In Greek, the word is menein. It’s one of the most important words in this whole gospel, and John uses it all the way through.

In the very first chapter Peter and John follow after Jesus.  Jesus turns around and asks them, “What are you looking for?”  They asked him where he was staying, and he replied, “Come and see”. And, then it says, they remained (same word) with him.

In John 6, where Jesus reveals himself as the true bread from heaven he says, “Those who eat my flesh and drink my blood abide (same word) in me and I in them.”

In chapter 14 Jesus says to the disciples, “Those who love me will keep my word, and my Father will love them, and we will come to them and make our home (same word) with them.”

Three different, but warm and inviting translations of the same word.

So, in this metaphor of the vine and the branches, it seems strangely stiff and impersonal that Jesus invites us to remain (again, the same word) in the him. It sounds as though we are just hanging around. I like the older translation much better. Abide.

“Abide in me as I abide in you.” Make me your home. This is an invitation to live in the house of God’s love.

This has always been God’s desire, to dwell with his people, to be at home with them. The spiritual life is coming home to where we belong and listening to the voice deep inside that welcomes us with love.

To abide in Jesus, to abide in the vine, is to dwell in the house of love. It’s to make him our base of operations in the world. It’s to return to him over and over, as one returns home for the night.

It means living in the consciousness of his presence in us every hour of every day. It means seeking that special home in our hearts in prayer each day.  It means listening to the voice of our friend (as he calls himself later in this chapter) as we go through each day.

The result of abiding in the vine of Christ is fruitfulness. “Those who abide in me and I in them bear much fruit, because apart from me you can do nothing…. This is to my Father’s glory, that you bear much fruit, showing yourselves to be my disciples.”

We are here to bear fruit. That’s the whole purpose of the vine.  But what is this fruit, what does it look like?  How can you tell whether a life is fruitful? If you read the whole chapter it’s clear that Jesus has in mind something like what Paul describes In Galatians 5: “The fruit of the Spirit: “Love, joy, peace, patience, kindness, goodness, faithfulness, gentleness, self-control.”

The whole purpose of the vine is to bear the glorious fruit of God’s love and character into the world.

I once had the privilege of taking a course from Henri Nouwen on the spirituality of the Gospel of John. When he came to this chapter, he suggested a distinction that I have always found very helpful. The distinction is between productivity  and fruitfulness.  Here’s how he explained it.

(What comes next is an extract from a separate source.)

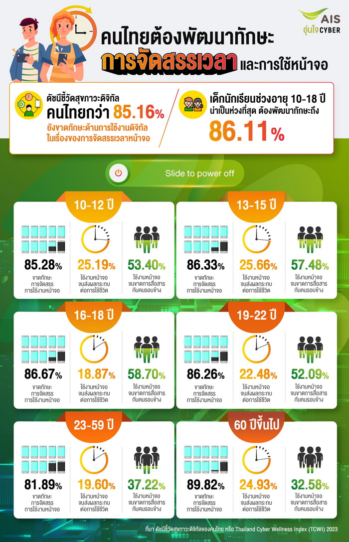 นางสายชล ทรัพย์มากอุดม หัวหน้าหน่วยธุรกิจประชาสัมพันธ์และงานธุรกิจสัมพันธ์ AIS กล่าวว่า “พฤติกรรมการใช้งานสื่อออนไลน์ของคนไทยยังคงใช้เวลาเพิ่มขึ้นในทุกปี จากรายงาน Global Overview Digital Report 2023 ของ We Are Social พบว่าคนไทยใช้เวลาอยู่บนโซเชียลมีเดีย เฉลี่ยวันละ 2 ชั่วโมง 44 นาที ประกอบกับผลดัชนีชี้วัดทักษะด้านดิจิทัลของคนไทย (TCWI) ยังพบอีกว่า กว่า 85.16% ยังขาดทักษะด้านการใช้งานดิจิทัล โดยเฉพาะในเรื่องของการจัดสรรเวลาหน้าจอ นอกจากนี้ยังพบอีกว่า โดยเฉพาะกลุ่มเด็กนักเรียนในวัย 10-18 ปี มีการใช้เวลาหน้าจอไม่ถูกต้องมากที่สุด และต้องได้รับการพัฒนาทักษะสูงถึง 86.11% ซึ่งพบว่าค่าเฉลี่ยของคะแนนจะต่ำสุดในช่วง 13-15 ปี เป็นช่วงแรกที่เด็กนักเรียนส่วนใหญ่จะเริ่มมีโทรศัพท์ของตนเอง ผลวิจัยยังพบอีกว่าการใช้หน้าจอมากเกินไปจนส่งผลกระทบต่อชีวิตประจำวัน เช่น การเรียน การทำงาน ถึง 23.59% และใช้งานหน้าจอเกือบตลอดเวลา ถึง 56.58% ซึ่งทักษะด้านการใช้งานดิจิทัล โดยเฉพาะในเรื่องของการจัดสรรเวลาหน้าจอเป็นหนึ่งในทักษะความฉลาดทางดิจิทัล 4P 4ป ที่เป็นการปลูกฝังการใช้งาน จากความเข้าใจพื้นฐานในการใช้สื่อออนไลน์อย่างเหมาะสม ไม่ว่าจะเป็นการจัดสรรเวลาในการใช้งาน หรือ การเลือกใช้เครื่องมือ

Productivity is about our own efforts to be more effective in what we do or make. A productive person gets more done. The results of productivity are tangible. They can be measured, quantified, graphed.  Productivity cares about the bottom line.

Now, there’s nothing wrong with productivity. It’s a good thing.  Productivity can enhance our lives, and add immeasurably to the well-being of a whole society.  Productive people build cities, finance projects, run great philanthropic organizations, provide work for others, uncover new knowledge, cure diseases. They clean houses and puts meals on the table.

Productivity is a worthy goal for all of us.  Work hard.  Make your labor and time count for something good that enhances the life of the world. But it’s not everything.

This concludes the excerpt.